7. 2025-07-08 15:10 +0800 Completed adding CPU resources and the service began to gradually recover.
8. 2025-07-08 15:30 +0800 The HTTP 500 and 504 errors were confirmed ceasing and the signing service resumed normal operation.
9. 2025-07-11 08:00 +0800 ~ 2025-07-15 10:00 +0800 A growing backlog of unsigned entries has been observed in the merge tree.
10. 2025-07-15 09:27 +0800 Received external email notification that log entries incorporating with delays in excess of 24 hours.
11. 2025-07-15 09:42 +0800 Suspended certificate submission interface.
12. 2025-07-15 16:00 +0800 Implemented monitoring and alerting mechanisms for the Unsequenced table in the database.
13. 2025-07-15 19:20 +0800 Started to upgrade disk resource.
14. 2025-07-15 20:12 +0800 Completed upgrading disk resource.
15. 2025-07-15 20:26 +0800 Restored certificate submission interface and started to accept submissions.
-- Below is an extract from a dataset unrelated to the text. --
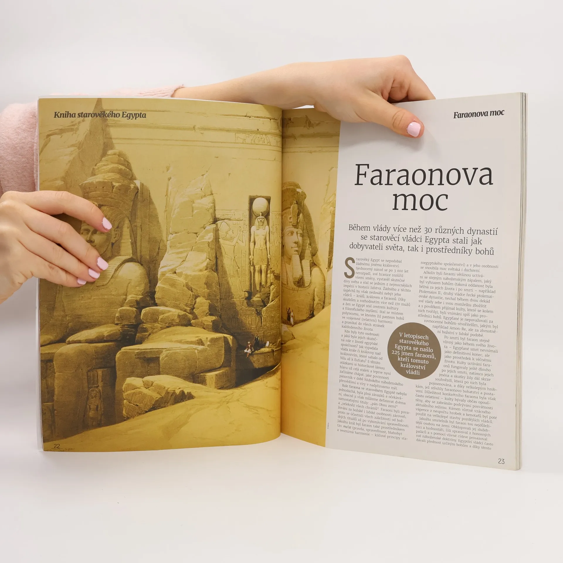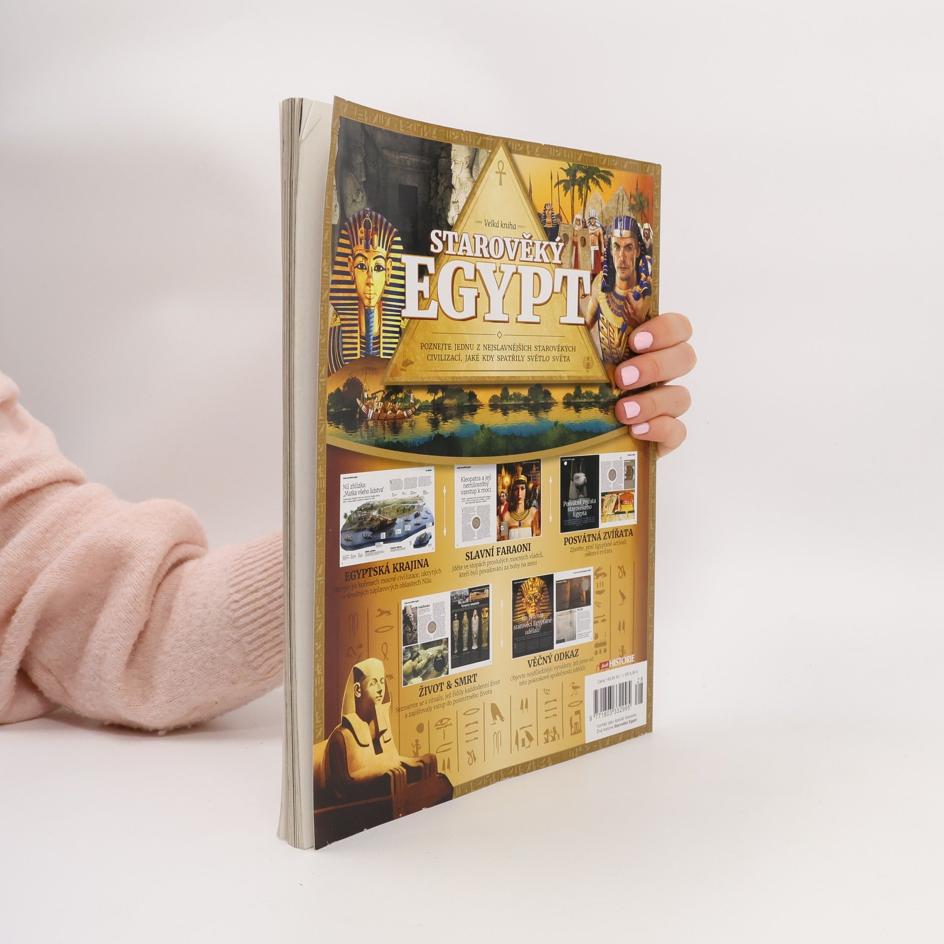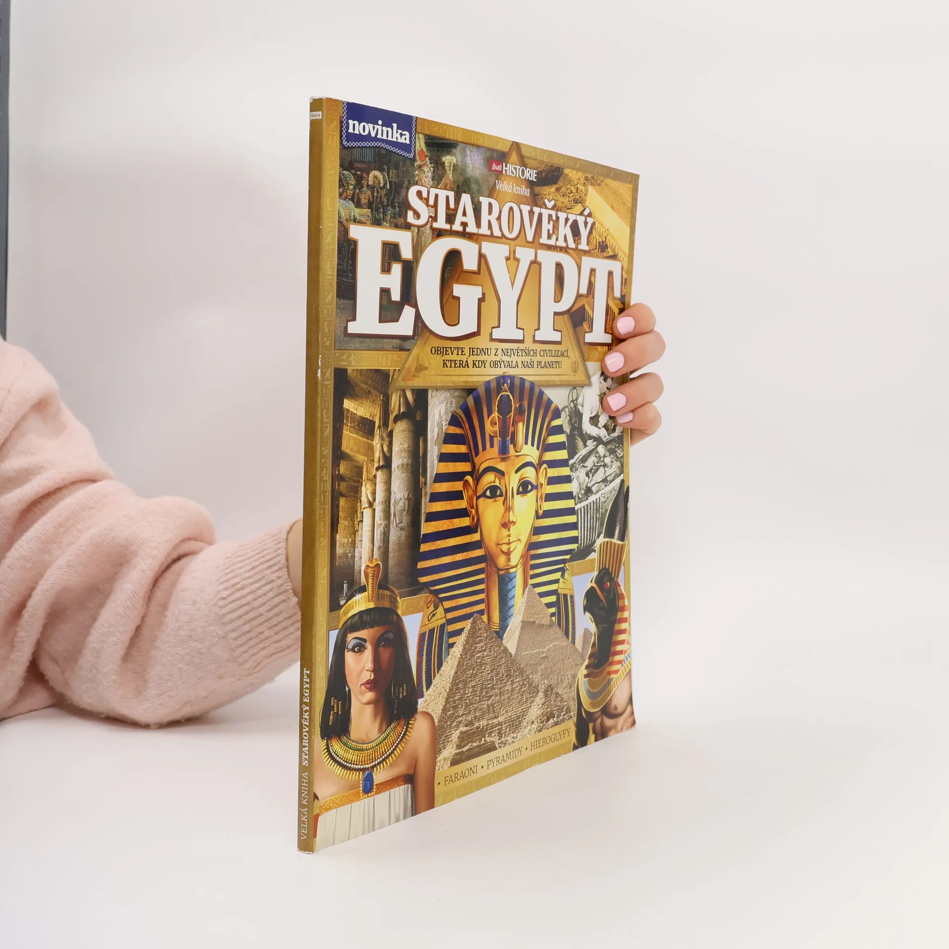 V roce 1922 ohromil svět velkolepý objev. Lidé ze všech koutů planety napjatě sledovali, jak Howard Carter pomalu odhaloval bohatství nově nalezené Tutanchamonovy hrobky. Svět zasáhla egyptománie. Rituály a víra této vysoce rozvinuté společnosti se znovu dostaly do centra dění. Byl to ten nejzásadnější zlom v egyptologii od nalezení Rosettské desky Napoleonovými muži a jejího rozluštění na začátku 19. století. Ve Velké knize starověkého Egypta se přesuneme v čase a projdeme se po břehu Nilu, abychom zjistili, proč se z této společnosti stala jedna z nejmocnějších starověkých civilizací. Představíme ty nejslavnější i nechvalně proslulé faraony, podíváme se na úžas budící pomníky, které byly vztyčeny na jejich počest, a přiblížíme náboženské principy, které v Egyptě řídily každodenní život. Odhalíme hrůzu nahánějící pohřební rituály, jež zajišťovaly bezpečnou cestu do posmrtného života, a rozkódujeme hieroglyfy, které zdobí dochované chrámy i papyry – a to vše díky dechberoucím a zasvěceným textům, ilustracím a fotografiím. Přeneste se s námi do starověkého Egypta!

Awaiting system for stable running.
16. 2025-07-16 17:00 +0800 The monitoring system indicated stable operation.
Actions
1. Added database CPU resources, upgraded database disk performance and enhanced database processing capabilities.
2. In addition to using the sequencer_merge_delay_count and sequencer_sequenced metrics to monitor merge delays, monitoring and alerts have been added for the Unsequenced table.
3. Implemented a new operational strategy, that is the add-cert interface will be automatically suspended when the Unsequenced table reaches a threshold, preventing excessive data accumulation.
4. Plan to implement new external monitoring for more comprehensive API interface monitoring.